The global financial architecture underpinned by the IMF and the World Bank has, for several decades, been in need of radical reform to remove its inherent deficiencies — for instance, its democratic deficit, exclusive reliance on the US dollar as an international reserve currency, inability to regulate the international financial market and the severe resource crunch it faces in dealing with crisis situations.
As members of the G-20, the BRICS countries played an important part in pulling the world economy back from the precipice after the 2008 crisis. They did this by maintaining the momentum of their own economic growth through the implementation of large rescue packages and by exerting pressure on the G-20 to mobilise additional resources, a large part of which went to developing countries. In the process, the resources of the IMF were enhanced from $250 billion to $750 billion and for the first time after the early 1970s, a general allocation of supplementary drawing rights was made. This brought closer to reality the long-cherished ambition of vastly enhancing the IMF’s resources to enable it to play its mandated role in the international monetary system and to create an international reserve currency as an alternative to the dollar.
The crisis also triggered intensive discussion on reform. Progress was made in reaching an agreement in 2009 on restructuring IMF quotas by bringing about a shift of 5 per cent from over-represented to under-represented member countries, thus raising the latter’s total quota to 48 per cent. This agreement, which is subject to ratification, has been languishing in the US Congress for the last five years. As a result, the next review of quotas, scheduled for January 2013 in order to further democratise the decision-making process inside the IMF, has been indefinitely postponed. Other reform proposals were never seriously pursued.
In this context, the initiative of the BRICS countries to establish a BRICS Development Bank (BDB) and put in place a contingency reserve arrangement (CRA) is significant. At their last summit in Durban, they agreed in principle to establish this institution. Now, an agreement has been reached on the objectives, functions, size of capital subscription, distribution among member countries, governance structure and operational mechanisms. It is hoped that the few differences that remained would have been resolved, and this initiative will be formally launched at the summit in Brazil.
There seems to be agreement that the BDB will have a total capital subscription of $50 billion, shared equally by the five member countries. Of this, the paid-up capital would be $10 billion. The initial capital of the CRA will be $100 billion, to be paid on call and not in advance. China’s share will be $41billion, that of Brazil, India and Russia, $18 billion each, and South Africa’s, $5 billion. The BDB will finance infrastructure and sustainable development projects of the BRICS and other emerging countries. The CRA will meet their short-term liquidity needs and forestall short-term liquidity pressure, strengthen financial stability and stabilise domestic currency. The fact that beneficiary countries will have access to an additional source of funding to tide over financial crises will increase investor confidence in their economies.

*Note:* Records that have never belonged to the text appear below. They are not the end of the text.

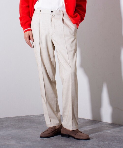 "ON/OFF使え、様々なシーンやスタイルにマッチ"センタープレス入りの1タックスラックスがデザインベースのイージースラックス。ウエスト後ろ半分がゴム仕様になった楽チン仕様。腰~モモ周りに膨らみとボリュームを持たせつつ、裾に向かって細く綺麗にテーパードストレートのワイドパンツに比べ、すっきりと見せることができ、且つスタイリングし易いので、太いパンツが苦手な方にもすんなりと取り入れ易いデザインとなっています。革靴やスニーカーで足元に変化を付け、ビジネスシーンや綺麗めスタイル、カジュアルコーデにも使い分けられる汎用性の高いボトムス。コンパクトなシルエットのカットソーやニット、シャツを合わせて、上品でキレイめな着こなしがおすすめ。是非、ワードローブの定番として揃えて頂きたいアイテムです。【GLOSTER/グロスター】“やさしさ・さわやか・童心" この3つの考え方をベースに、シンプルな中に着心地の良さがあり、誰かにちょっと褒められるようなストーリーが生まれる良質なデイリーユースアイテムを提案します。フレンチカジュアル、トラッドを基本として遊び心のあるディテール、色柄、サイジングなどでアレンジし、エイジレスでタイムレスな展開。GLOSTERは毎日がほんの少しでもHAPPYになれることを提供し続けます。※お取扱い上のご注意アテンションタグを必ずご確認の上、着用又はお取り扱いください。※店頭及び屋外での撮影画像は、光の当たり具合で色味が違って見える場合があります。※商品画像に関しては出来る限り忠実に表示出来るよう努めておりますが、お客様がご利用のモニターの設定及び特性により、実際の商品と比較し色味に若干の誤差が生じる場合があります。※画像の商品はサンプルとなりますので実際の商品と仕様、加工、サイズが若干異なる場合がございます。◇商品のお気に入り登録◇【お気に入りに登録】を是非ご活用ください。 再入荷の通知や、ラスト1点の通知、セールの通知がいち早く届きます。◇ブランドのお気に入り登録◇新商品や再入荷など、いち早くブランドのお得情報が届きます。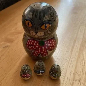 Russian 1991 Moscow Nesting dolls Mama cat set 4 pcs. Hand painted in Russia 3,5” vintage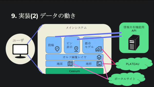 「このような賞をいただいて大変光栄です。ハッカソンからここまで開発を続けてきました。PLATEAUやGISに関するいろいろな情報がPLATEAU公式サイトにまとまっており、こうした情報が日本語でまとまっているのはエンジニアとして大変ありがたい。あらためて、国土交通省をはじめ、PLATEAUコミュニティのみなさんに感謝申し上げます。自分たちも貢献していけるように、今後も開発していきます」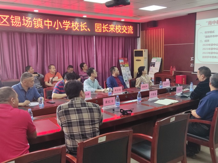 隨后,林潔聰組長(zhǎng)一行來到學(xué)校會(huì)議室,聽取了馮錫來副校長(zhǎng)作主題為“南頭鎮(zhèn)初級(jí)中學(xué)中考備考策略”的備考工作分享。馮錫來副校長(zhǎng)根據(jù)來源、成效、方式方法等方面介紹了學(xué)校的教學(xué)模式與備考策略,尤其是對(duì)“科組建設(shè),集體備課”、“課前小測(cè)、小組合作、師徒幫扶三者有機(jī)結(jié)合”等教學(xué)模式的生動(dòng)講解,讓各位來賓耳目一新。錫場(chǎng)鎮(zhèn)的4位初中校長(zhǎng)重點(diǎn)關(guān)注的是中考,詳細(xì)詢問了南頭鎮(zhèn)初級(jí)中學(xué)在中考備考等方面的具體問題與經(jīng)驗(yàn),與會(huì)雙方的其他人員也進(jìn)行了積極熱烈的互動(dòng)交流,對(duì)南頭鎮(zhèn)初級(jí)中學(xué)的教學(xué)模式與成效給予了充分的肯定,并對(duì)南頭鎮(zhèn)初級(jí)中學(xué)的教育管理工作給予了寶貴的意見和建議。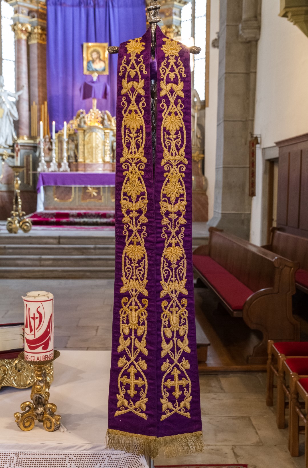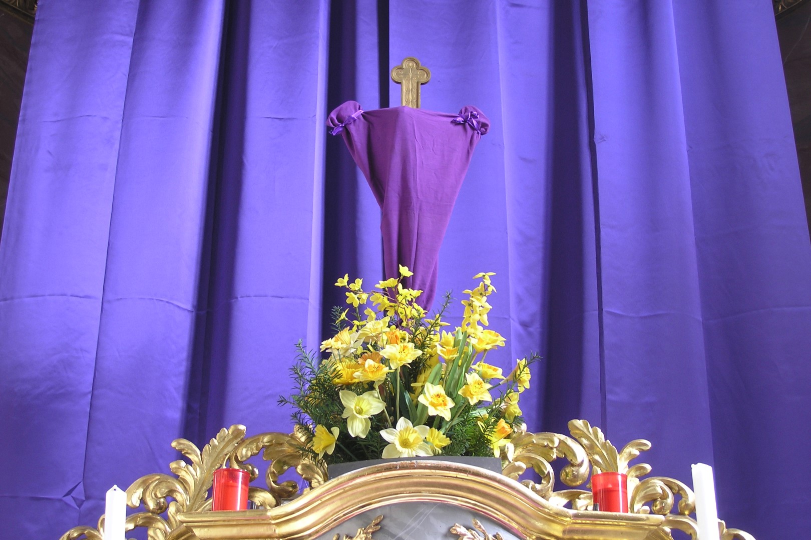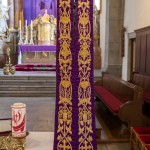 mittels einer violetten Stola. Ab dem auch Passionssonntag genannten 5. Fastensonntag ist es üblich, die Kreuze in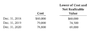 Milford Company determined its ending inventory at cost and at lower of cost and net realizable value at December 31, 2018, 2019, and 2020, as follows: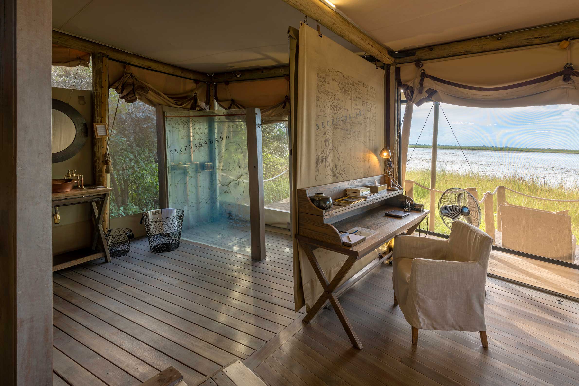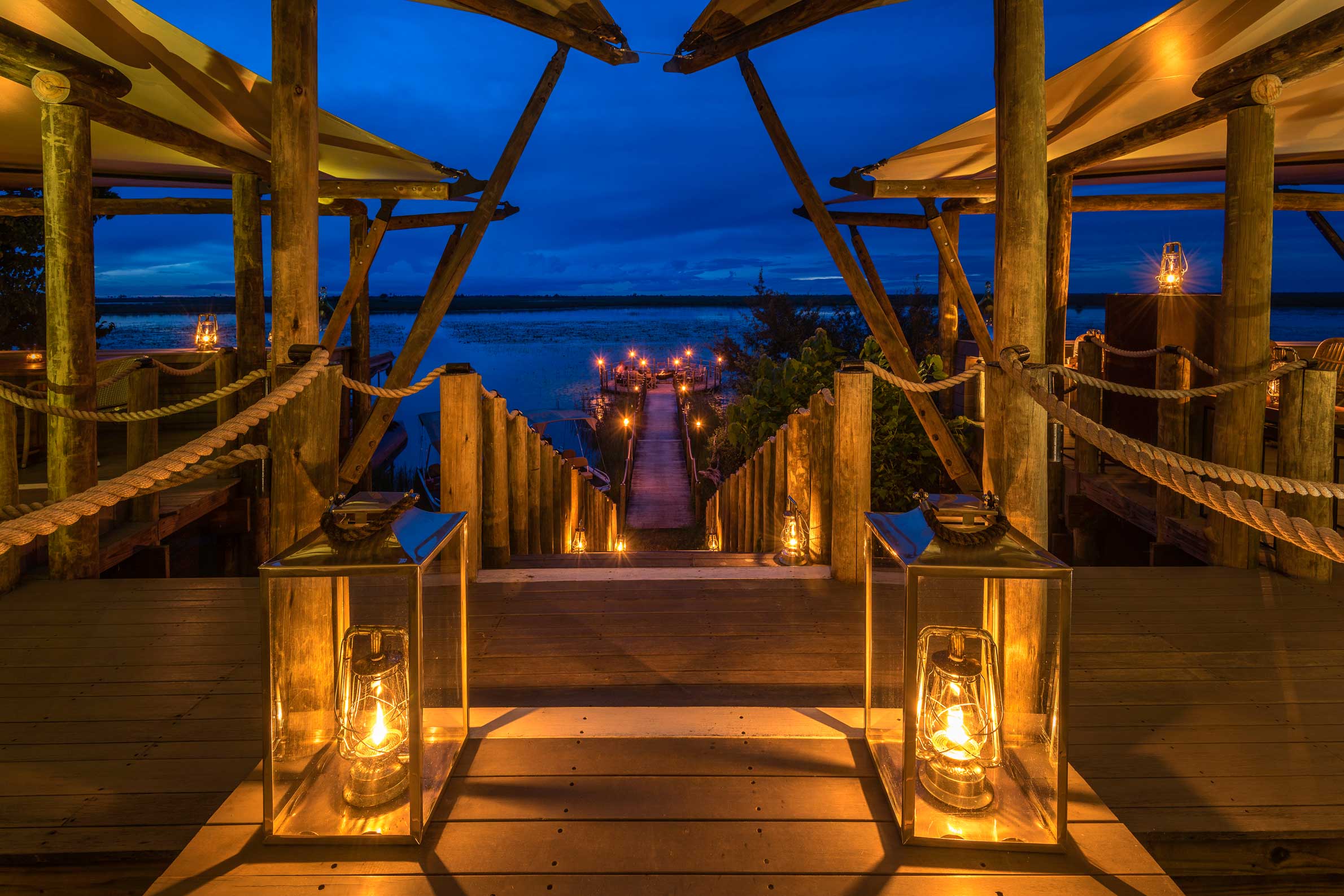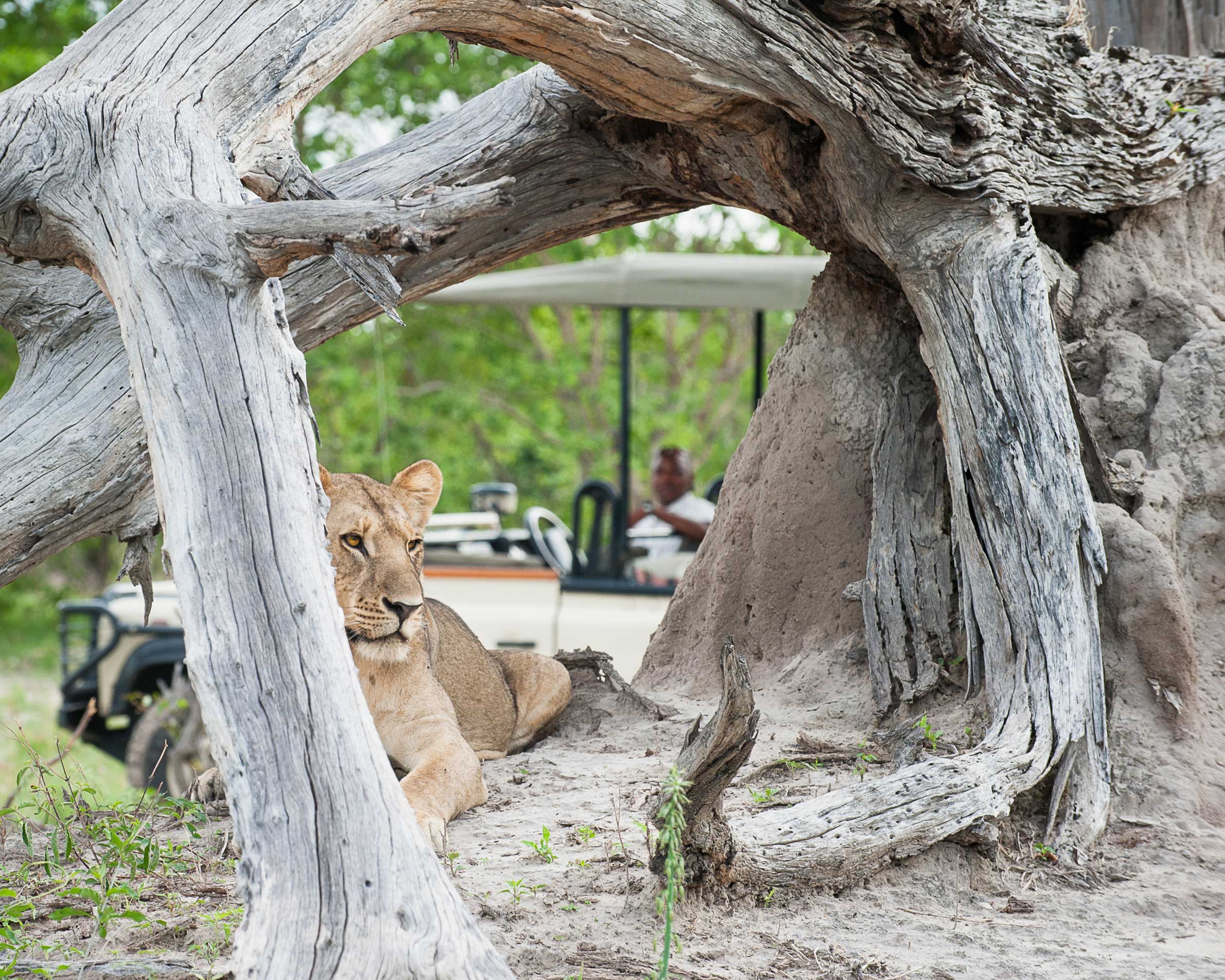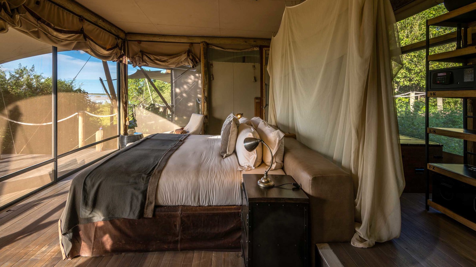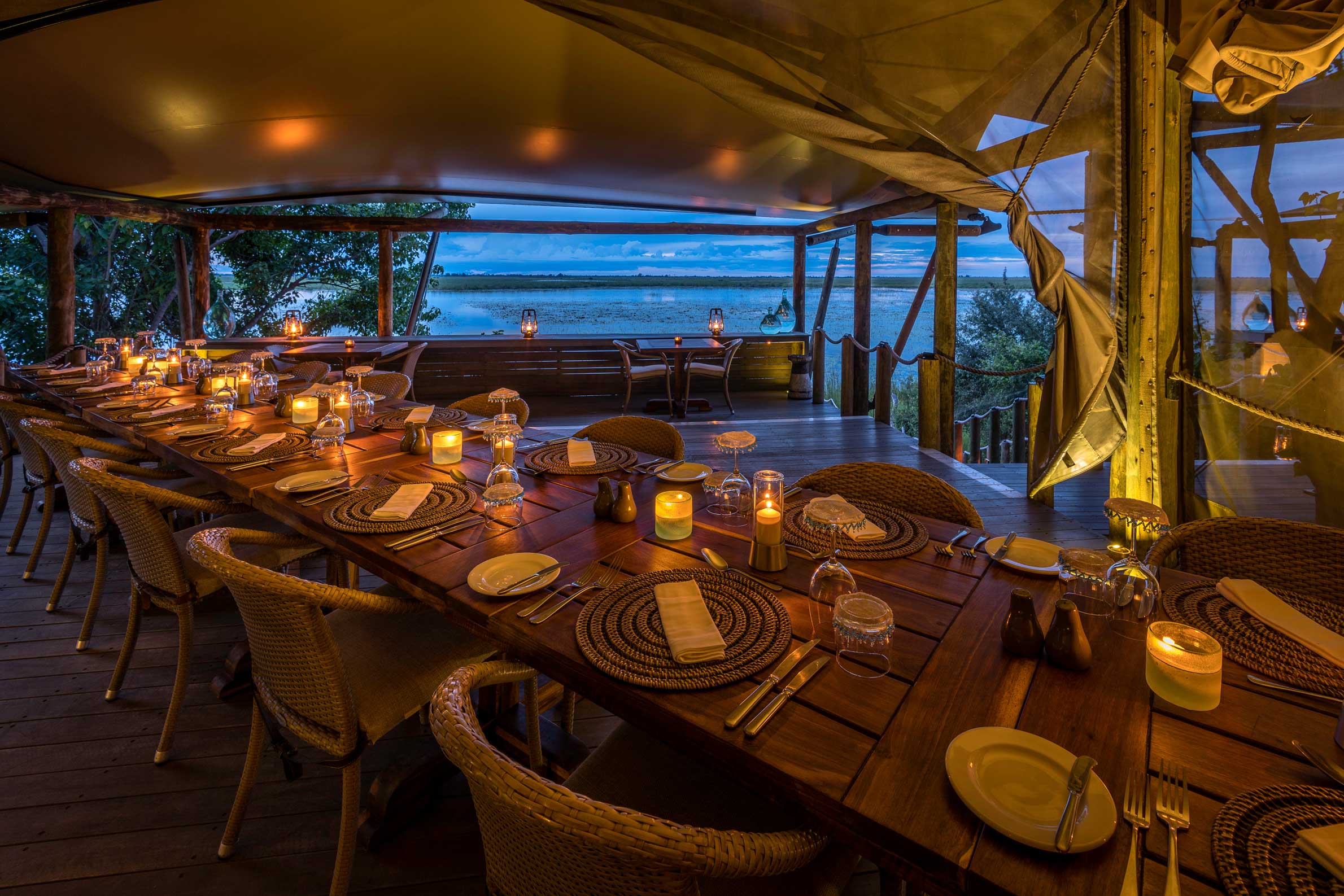Duma Tau betyder passande nog ”rytande lejon” och ligger mellan två elefantkorridorer vid en lagun mellan floderna Savute och Linyanti i ett privat Wildlife Reserve som gränsar till nationalparken Chobe. Campen ligger på ett upphöjt däck för den fantastiska utsiktens skull där var och en av de tio tältsviterna har ett privat utsiktsdäck. Sviterna har heltäckande ”fönster” i tältduken så att du kan ligga i den underbara dubbelsängen och följa djurlivet vid flodkanalen. Inredningen är varm och rustikt mysig i subtila savannfärger. Loungedelen av campen har en stor och luftig matsal och en pool med soldäck och utsikt över lagunen. Nedanför matplatsen al fresco finns en lägerhelt på marken för nattliga berättelser och en sängfösare. Området är känt för sin stora koncentration av elefanter men även giraff, buffel och vårtsvin hör till de vanliga besökarna. Dessutom är rovdjur som lejon, gepard, fläckig hyena och leopard inte ovanliga. Runt Duma Tau finns plattformar vid utmärkta spaningsplatser där man kan jaga det perfekta fotot. Den bästa vinns vid Suvatekanalens källa där stora örnar och andra rovfåglar är vanliga.

The BRICS countries have practical reasons to take this initiative. A study has estimated a gap of $1 trillion in financing infrastructure and sustainable development projects in emerging economies. The BDB is intended to bridge a part of this gap. Making the bank accessible to other emerging countries will strengthen solidarity, which is important to enhance the bargaining power of the BRICS in negotiations in global economic forums. The improved infrastructure in other developing countries will have a positive impact on attempts to forge stronger trade and economic ties. Capital subscriptions will help the BRICS diversify their options for reserve holdings. The BRICS have enhanced their foreign exchange reserves since 2008, and the availability of an alternative parking place in the form of short- and long-term loans to other developing countries should be regarded as a measure of fiscal prudence.
The BRICS know that they alone cannot change global monetary and financial systems. However, the BDB can help promote a more democratic and fair system of global financial governance. It cannot — nor is it intended to — replace the World Bank and the IMF. But its potential impact on the global financial architecture cannot be ignored. It will complement, though on a modest scale, the World Bank, IMF and the regional development banks and regional contingency payment arrangements. In the process, it will contribute to the strengthening of the global financial architecture. It will also help the BRICS and other developing countries to strengthen their voice in the financial and monetary system. How successful they are in achieving these wider objectives will depend upon the scale and speed of the operation of the BDB and CRA.